┌────────
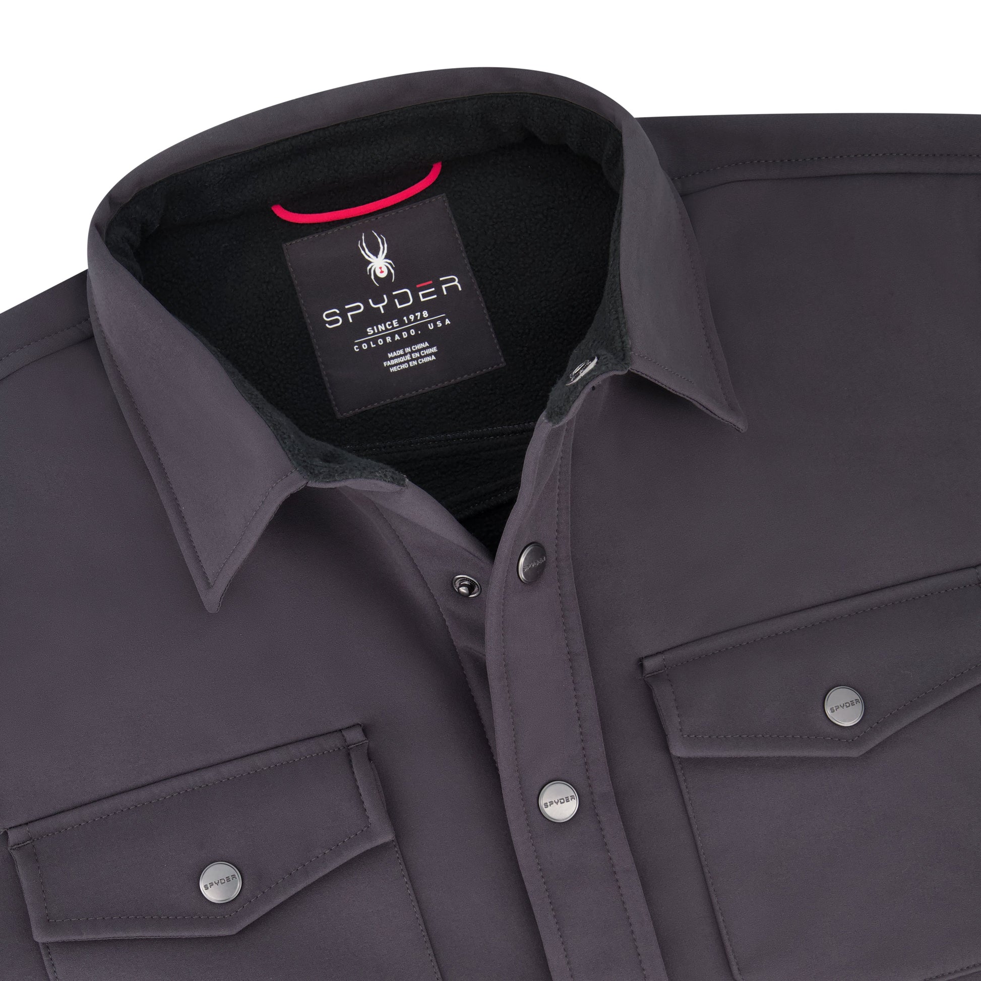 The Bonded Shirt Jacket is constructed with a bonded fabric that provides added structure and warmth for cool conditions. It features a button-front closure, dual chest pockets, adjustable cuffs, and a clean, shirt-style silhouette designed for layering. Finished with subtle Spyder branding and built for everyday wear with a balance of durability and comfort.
└────────
┌────────
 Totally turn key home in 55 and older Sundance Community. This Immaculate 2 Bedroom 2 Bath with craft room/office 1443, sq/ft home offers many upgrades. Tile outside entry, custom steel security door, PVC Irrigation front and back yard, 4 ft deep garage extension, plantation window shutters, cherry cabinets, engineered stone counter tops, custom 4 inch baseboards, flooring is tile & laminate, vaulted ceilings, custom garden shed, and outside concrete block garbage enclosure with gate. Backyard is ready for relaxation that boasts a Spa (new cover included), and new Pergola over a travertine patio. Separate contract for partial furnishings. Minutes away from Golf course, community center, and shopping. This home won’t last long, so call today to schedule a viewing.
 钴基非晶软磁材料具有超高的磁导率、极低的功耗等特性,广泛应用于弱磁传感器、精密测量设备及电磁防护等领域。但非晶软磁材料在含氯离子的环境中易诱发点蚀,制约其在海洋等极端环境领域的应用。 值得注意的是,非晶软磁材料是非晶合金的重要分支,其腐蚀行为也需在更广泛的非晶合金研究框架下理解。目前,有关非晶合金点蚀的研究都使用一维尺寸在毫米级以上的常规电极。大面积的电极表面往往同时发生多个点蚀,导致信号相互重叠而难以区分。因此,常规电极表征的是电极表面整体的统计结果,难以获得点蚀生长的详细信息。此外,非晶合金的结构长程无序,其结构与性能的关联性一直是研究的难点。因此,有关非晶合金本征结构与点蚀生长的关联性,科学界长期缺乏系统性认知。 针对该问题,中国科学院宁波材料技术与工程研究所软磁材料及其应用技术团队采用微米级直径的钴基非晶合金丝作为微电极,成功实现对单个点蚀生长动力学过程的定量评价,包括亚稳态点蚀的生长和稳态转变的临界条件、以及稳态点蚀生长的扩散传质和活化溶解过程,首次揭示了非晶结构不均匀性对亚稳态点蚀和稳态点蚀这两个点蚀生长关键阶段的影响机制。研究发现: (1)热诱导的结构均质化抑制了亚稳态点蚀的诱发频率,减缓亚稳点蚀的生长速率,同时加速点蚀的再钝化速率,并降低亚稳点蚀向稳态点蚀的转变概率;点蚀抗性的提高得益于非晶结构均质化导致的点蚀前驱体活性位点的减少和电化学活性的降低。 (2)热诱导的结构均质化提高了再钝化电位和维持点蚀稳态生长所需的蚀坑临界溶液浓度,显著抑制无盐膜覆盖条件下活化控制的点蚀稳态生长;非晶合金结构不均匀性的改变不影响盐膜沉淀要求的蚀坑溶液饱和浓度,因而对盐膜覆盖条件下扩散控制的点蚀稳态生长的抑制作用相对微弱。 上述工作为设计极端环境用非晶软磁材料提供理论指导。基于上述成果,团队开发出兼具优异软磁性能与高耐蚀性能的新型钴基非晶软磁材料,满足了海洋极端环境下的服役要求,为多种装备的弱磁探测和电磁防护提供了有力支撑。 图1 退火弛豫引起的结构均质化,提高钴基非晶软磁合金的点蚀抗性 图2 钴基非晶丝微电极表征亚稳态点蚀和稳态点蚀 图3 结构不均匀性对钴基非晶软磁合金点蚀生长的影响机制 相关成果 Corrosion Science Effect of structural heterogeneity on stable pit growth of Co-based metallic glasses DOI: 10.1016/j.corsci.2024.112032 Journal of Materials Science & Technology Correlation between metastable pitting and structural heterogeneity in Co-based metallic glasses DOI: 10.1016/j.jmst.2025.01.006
└────────
What this task involves –
Look above for the line that contains "Totally turn key". Starting there, transcribe every line exactly until you have copied the line that contains "glasses DOI: 10.1016/j.jmst.2025.01.006".

Answer –
 Totally turn key home in 55 and older Sundance Community. This Immaculate 2 Bedroom 2 Bath with craft room/office 1443, sq/ft home offers many upgrades. Tile outside entry, custom steel security door, PVC Irrigation front and back yard, 4 ft deep garage extension, plantation window shutters, cherry cabinets, engineered stone counter tops, custom 4 inch baseboards, flooring is tile & laminate, vaulted ceilings, custom garden shed, and outside concrete block garbage enclosure with gate. Backyard is ready for relaxation that boasts a Spa (new cover included), and new Pergola over a travertine patio. Separate contract for partial furnishings. Minutes away from Golf course, community center, and shopping. This home won’t last long, so call today to schedule a viewing.
 钴基非晶软磁材料具有超高的磁导率、极低的功耗等特性,广泛应用于弱磁传感器、精密测量设备及电磁防护等领域。但非晶软磁材料在含氯离子的环境中易诱发点蚀,制约其在海洋等极端环境领域的应用。 值得注意的是,非晶软磁材料是非晶合金的重要分支,其腐蚀行为也需在更广泛的非晶合金研究框架下理解。目前,有关非晶合金点蚀的研究都使用一维尺寸在毫米级以上的常规电极。大面积的电极表面往往同时发生多个点蚀,导致信号相互重叠而难以区分。因此,常规电极表征的是电极表面整体的统计结果,难以获得点蚀生长的详细信息。此外,非晶合金的结构长程无序,其结构与性能的关联性一直是研究的难点。因此,有关非晶合金本征结构与点蚀生长的关联性,科学界长期缺乏系统性认知。 针对该问题,中国科学院宁波材料技术与工程研究所软磁材料及其应用技术团队采用微米级直径的钴基非晶合金丝作为微电极,成功实现对单个点蚀生长动力学过程的定量评价,包括亚稳态点蚀的生长和稳态转变的临界条件、以及稳态点蚀生长的扩散传质和活化溶解过程,首次揭示了非晶结构不均匀性对亚稳态点蚀和稳态点蚀这两个点蚀生长关键阶段的影响机制。研究发现: (1)热诱导的结构均质化抑制了亚稳态点蚀的诱发频率,减缓亚稳点蚀的生长速率,同时加速点蚀的再钝化速率,并降低亚稳点蚀向稳态点蚀的转变概率;点蚀抗性的提高得益于非晶结构均质化导致的点蚀前驱体活性位点的减少和电化学活性的降低。 (2)热诱导的结构均质化提高了再钝化电位和维持点蚀稳态生长所需的蚀坑临界溶液浓度,显著抑制无盐膜覆盖条件下活化控制的点蚀稳态生长;非晶合金结构不均匀性的改变不影响盐膜沉淀要求的蚀坑溶液饱和浓度,因而对盐膜覆盖条件下扩散控制的点蚀稳态生长的抑制作用相对微弱。 上述工作为设计极端环境用非晶软磁材料提供理论指导。基于上述成果,团队开发出兼具优异软磁性能与高耐蚀性能的新型钴基非晶软磁材料,满足了海洋极端环境下的服役要求,为多种装备的弱磁探测和电磁防护提供了有力支撑。 图1 退火弛豫引起的结构均质化,提高钴基非晶软磁合金的点蚀抗性 图2 钴基非晶丝微电极表征亚稳态点蚀和稳态点蚀 图3 结构不均匀性对钴基非晶软磁合金点蚀生长的影响机制 相关成果 Corrosion Science Effect of structural heterogeneity on stable pit growth of Co-based metallic glasses DOI: 10.1016/j.corsci.2024.112032 Journal of Materials Science & Technology Correlation between metastable pitting and structural heterogeneity in Co-based metallic glasses DOI: 10.1016/j.jmst.2025.01.006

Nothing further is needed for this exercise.